OMB-UM: Design, Implementation, and Evaluation of CUDA Unified Memory Aware MPI Benchmarks

Karthik Vadambacheri Manian, Ching-Hsiang Chu, Ammar Ahmad Awan, Kawthar Shafie Khorassani, Hari Subramoni and Dhabaleswar K. Panda

Unified Memory (UM) has significantly simplified the task of programming CUDA applications. With UM, the CUDA driver is responsible for managing the data movement between CPU and GPU and the programmer can focus on the actual designs. However, the performance of Unified Memory codes has not been on par with explicit device buffer based code. To this end, the latest NVIDIA Pascal and Volta GPUs with hardware support such as fine-grained page faults offer the best of both worlds, i.e., high-productivity and high-performance. However, these enhancements in the newer generation GPU architectures need to be evaluated in a different manner, especially in the context of MPI+CUDA applications.

In this paper, we extend the widely used MPI benchmark OSU Micro-benchmarks (OMB) to support Unified Memory or Managed Memory based MPI benchmarks.
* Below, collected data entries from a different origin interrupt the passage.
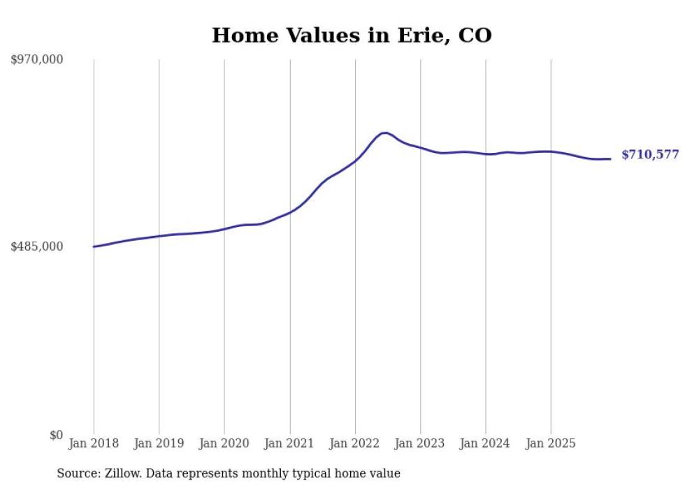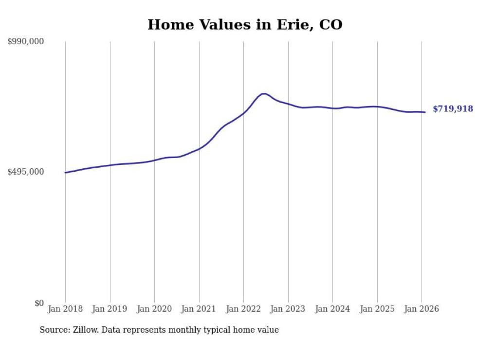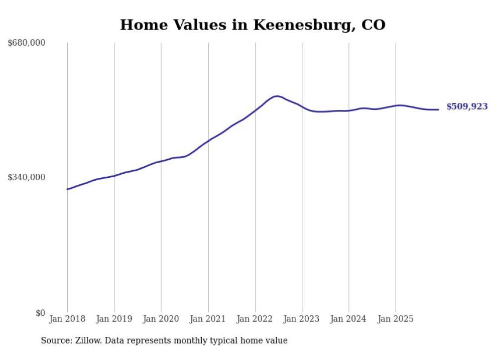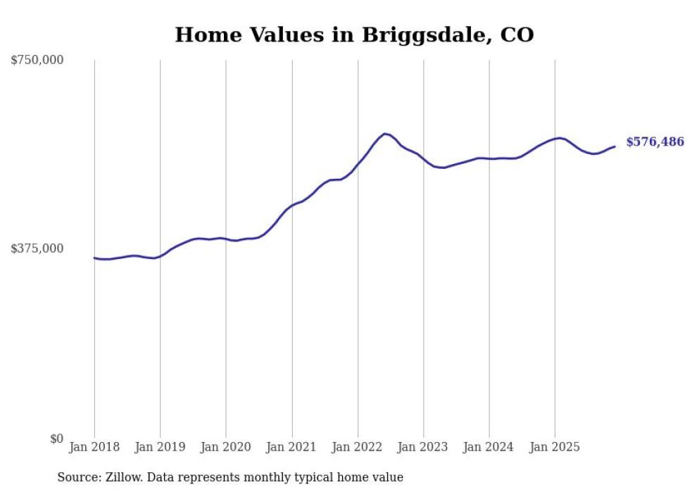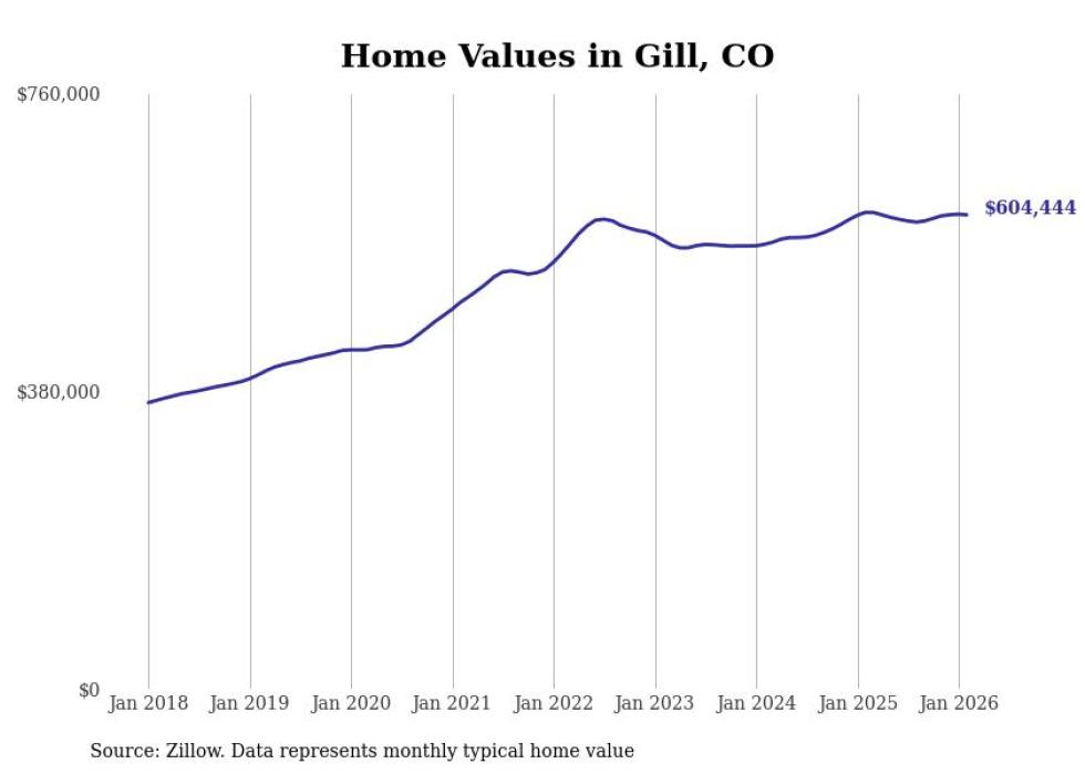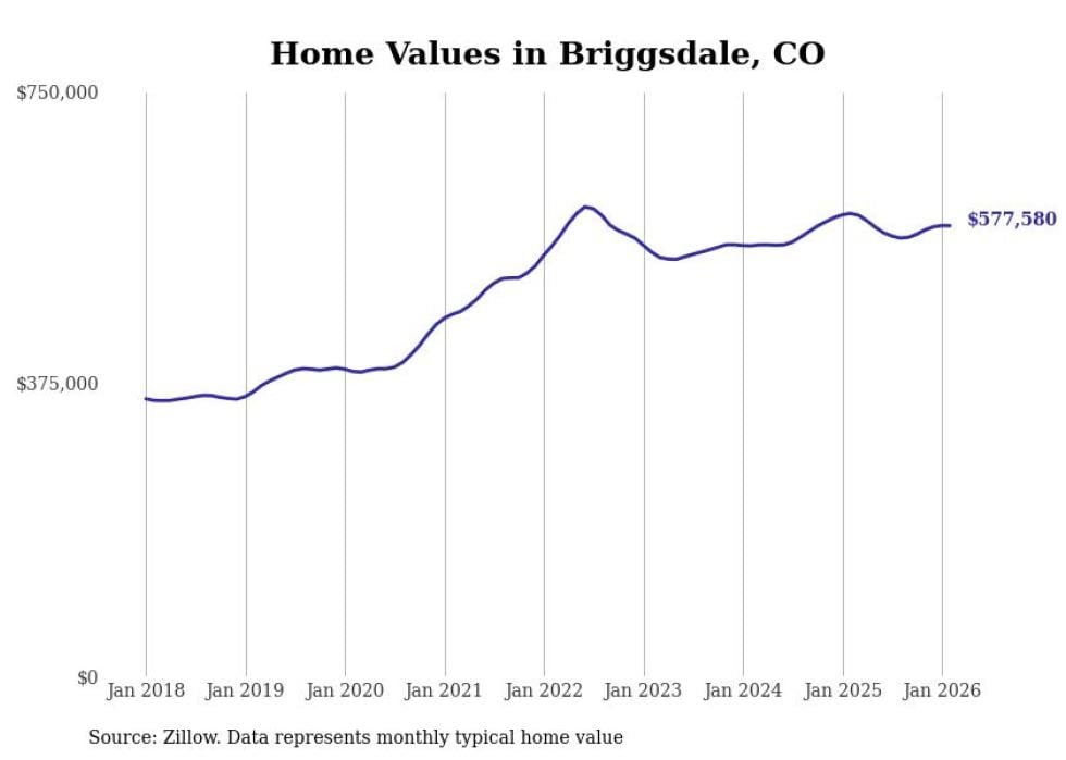 compiled a list of cities with the most expensive homes in the Greeley, CO metro area using data from . Charts show the monthly typical home value since January 2018.
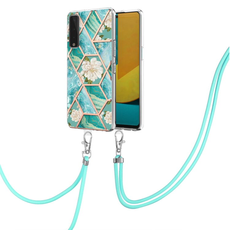 Funda TPU para LG Stylo 7 5G con patrón de flores de mármol y cordón (Flor Azul)
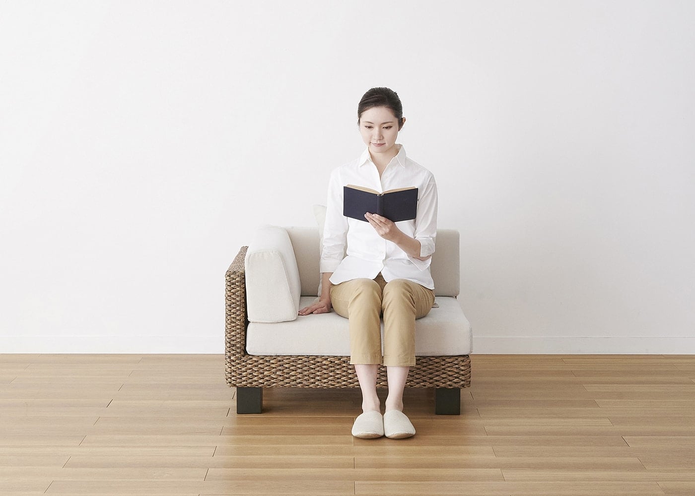 お子様がいる家庭や床で過ごす方に最適なロータイプのソファです。日本人の体型やライフスタイルに合わせたサイズ感で、ゆったりと身体を預けられる快適な座り心地を実現しています。(写真はコーナーソファ、モデルは身長167cmの女性)
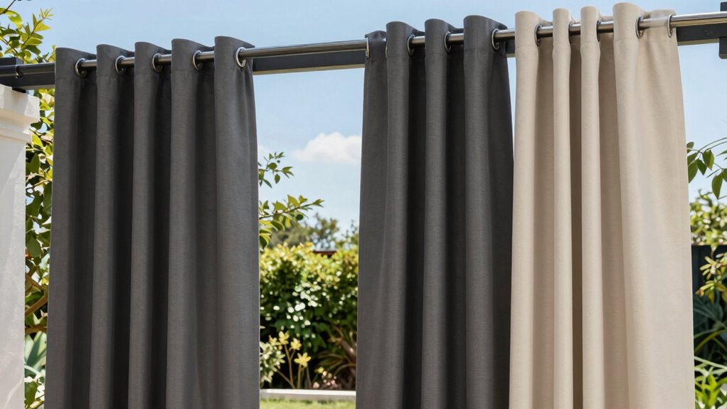 Fabric weight and thickness help outdoor curtains withstand strong winds, but protecting them from sun damage is equally important for durability. UV-resistant outdoor curtain panels are crafted with fabrics treated with special coatings that prevent UV rays from breaking down the material over time. These sun-resistant curtains can block up to 95% of harmful ultraviolet radiation, shielding your outdoor furniture from fading and damage. Materials like polyester or vinyl are commonly used for their weatherproof qualities and high UV resistance, helping the fabric retain its color, strength, and flexibility even after prolonged sun exposure. Proper UV protection not only prolongs the lifespan of your curtains but also reduces the need for frequent replacements, ensuring your outdoor space stays vibrant and protected year after year.
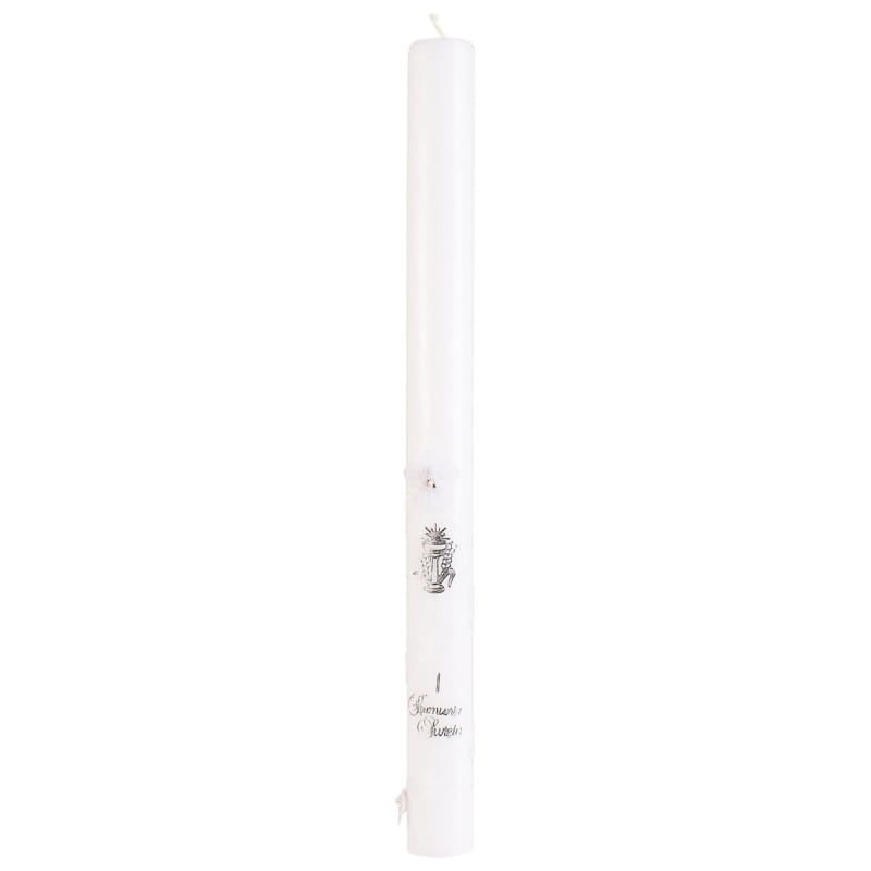 Wysokość: 37 cm Średnica: 3 cm Parafina Świeca ozdobiona srebrnymi elementami z dodatkiem wstążeczki satynowej lub tiulowej oraz napisem "Pamiątka Pierwszej Komunii Świętej". Zdobienia klejone na świecy. Produkt w kartonowym pudełku.
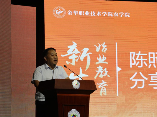 第十九届亚运会火炬手、第五届全国乡镇优秀企业家、浙江省优秀企业家、浙江省劳动模范、浙江省乡村振兴带头人“金牛奖”获得者、浙江米果果生态农业集团有限公司董事长陈照米为大家分享了他的爱农情怀。2012年他将自己发展不错的建材企业股份转让,把山下湖镇解放村流转的3000多亩土地建设成了米果果小镇。11年来,他扎根乡村,一步一个脚印,用心呵护自己的美丽田园梦想,用一片土地带活连片农民致富。他寄语新生要做到四个“qi”和四个“力”,即不生气、不泄气、不抛弃、不放弃,和充沛的精力、不懈的努力、坚强的毅力和必胜的定力。
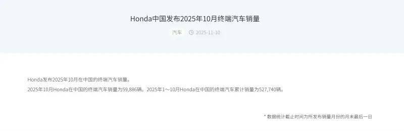 那时候的本田春风得意,肯定料想不到如今它在中国市场的窘境。时间回到现在,2025年,如今本田最新的月销量仅能维持在59886台,1-10月份,本田汽车在中国市场累计拿下了52.7万辆的成绩,按照这个趋势,本田今年的销量,将定格在62万上下,相比五年前,恰好少了100万辆。
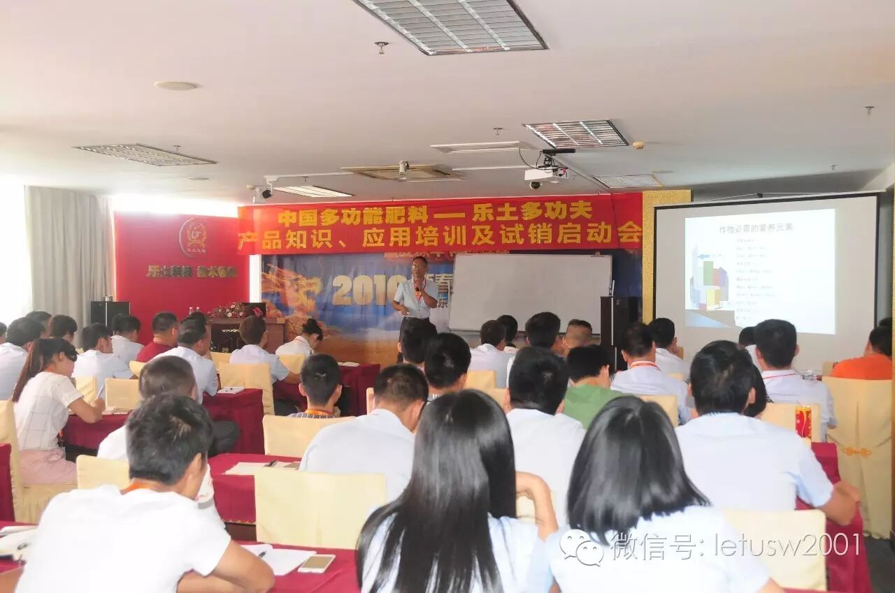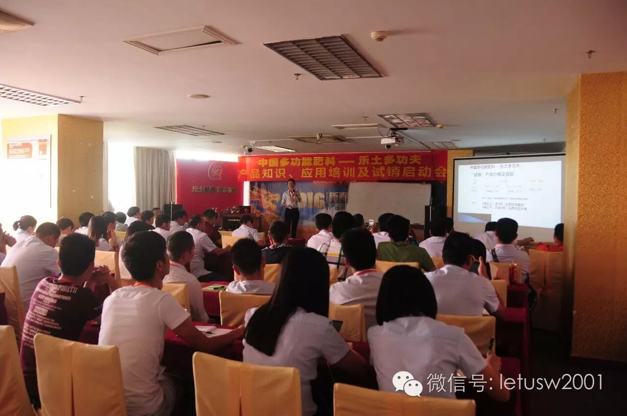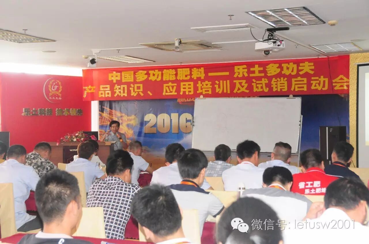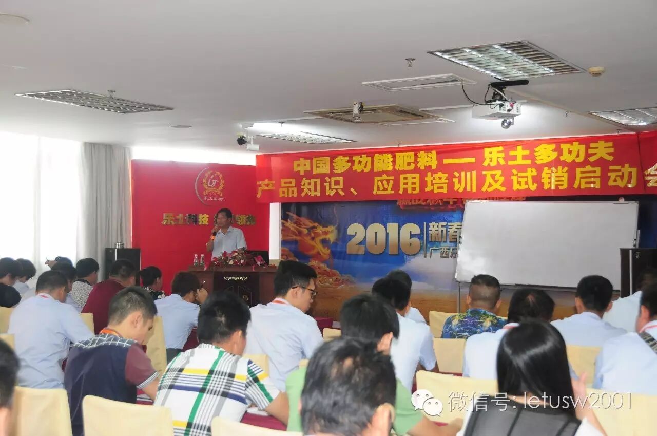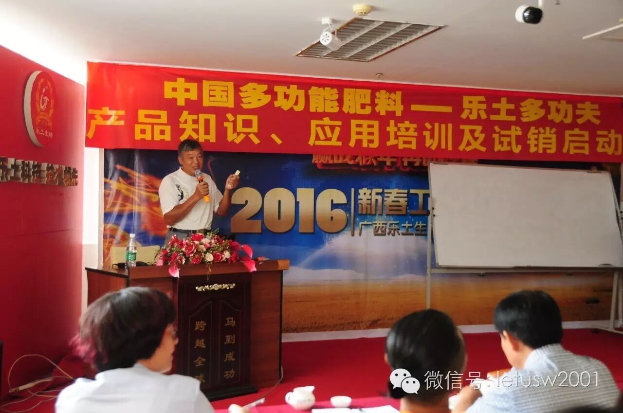2016年8月29日-30日,广西乐土公司在本部召开了“中国多功能肥料-乐土多功夫试销启动会”。本次会议有国营农垦集团东湖农场场长农军、乐土技术顾问黄明彪、乐土技术专家李万兴、乐土各部门领导及全体业务团队等参加。会议主要内容有:农军场长对土肥管理方面知识的讲解、吕昆明副总经理讲解乐土多功夫产品特点和用肥方法、黄明彪老师对柑橘丰产种植及病虫害防治技术的讲解、李万兴李工对柑橘用肥和柑橘病虫害知识的普及、业务团队代表分享销售经验以及乐土公司营销副总孙晓棠对多功夫的试销工作部署。
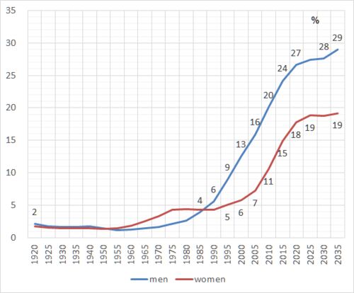 The following table shows the percent of men and women in Japan ages around 50 who never married, and the estimated percent of them in the future. Year men % women % 1920 2 2 1925 2 2 1930 2 1 1935 2 1 1940 2 1 1950 1 1 1955 1 1 1960 1 2 1…
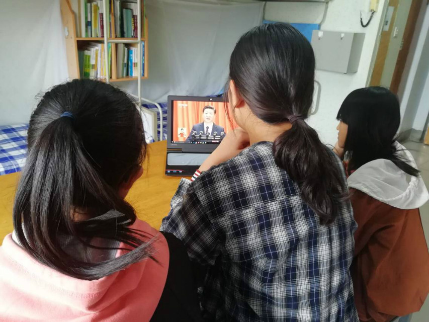 管理学院同学们在宿舍围坐在一起,观看十九大直播
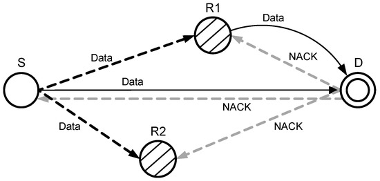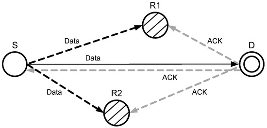 When a source node transmits a signal towards a destination node, it is overheard by other neighboring nodes, and they keep a copy of the received data packet. Destination node after receiving the source node signal, checks if SNR meets the threshold or not. If the SNR is (according to Equation (17)) within the acceptable range, then the destination node accepts the received signal and broadcasts an acknowledgment (ACK), as shown in Figure 8. After receiving the ACK, the relay nodes discard the stored copy of the source node signal.
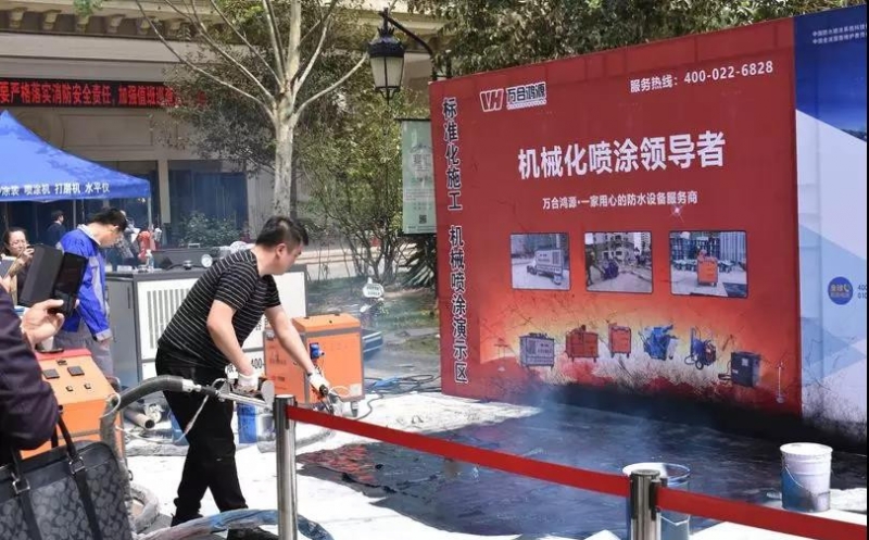 万合鸿源张卫先作了《抛丸机在防水工程中的应用》演讲。从企业企业文化、产品介绍、工程案例展示方面进行介绍,万合鸿源专注于防水卷材标准化、机械化施工机具的研发。
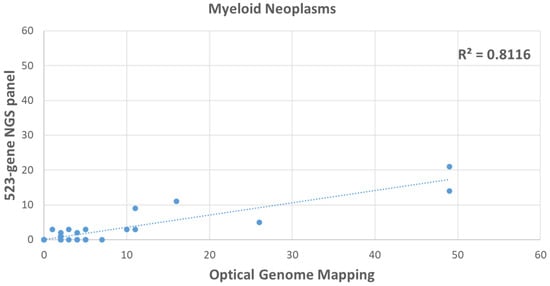 3.4. Comparison of HRD Scores between OGM and 523-Gene NGS Panel in Hematological Malignancy Cases

The current version of OMB cannot effectively characterize UM-Aware MPI design because CUDA driver movements are not captured appropriately with standardized Host and Device buffer based benchmarks. To address this key challenge, we propose new designs for the OMB suite and extend point to point and collective benchmarks that exploit sender and receiver side CUDA kernels to emulate the effective location of the UM buffer on Host and Device. The new benchmarks allow the users to better understand the performance of codes with UM buffers through user-selectable knobs that enable or disable sender and receiver side CUDA kernels. In addition to the design and implementation, we provide a comprehensive performance evaluation of the new UM benchmarks in the OMB-UM suite on a wide variety of systems and MPI libraries. From these evaluations we also provide valuable insights on the performance of various MPI libraries on UM buffers which can lead to further improvement in the performance of UM in CUDA-Aware MPI libraries.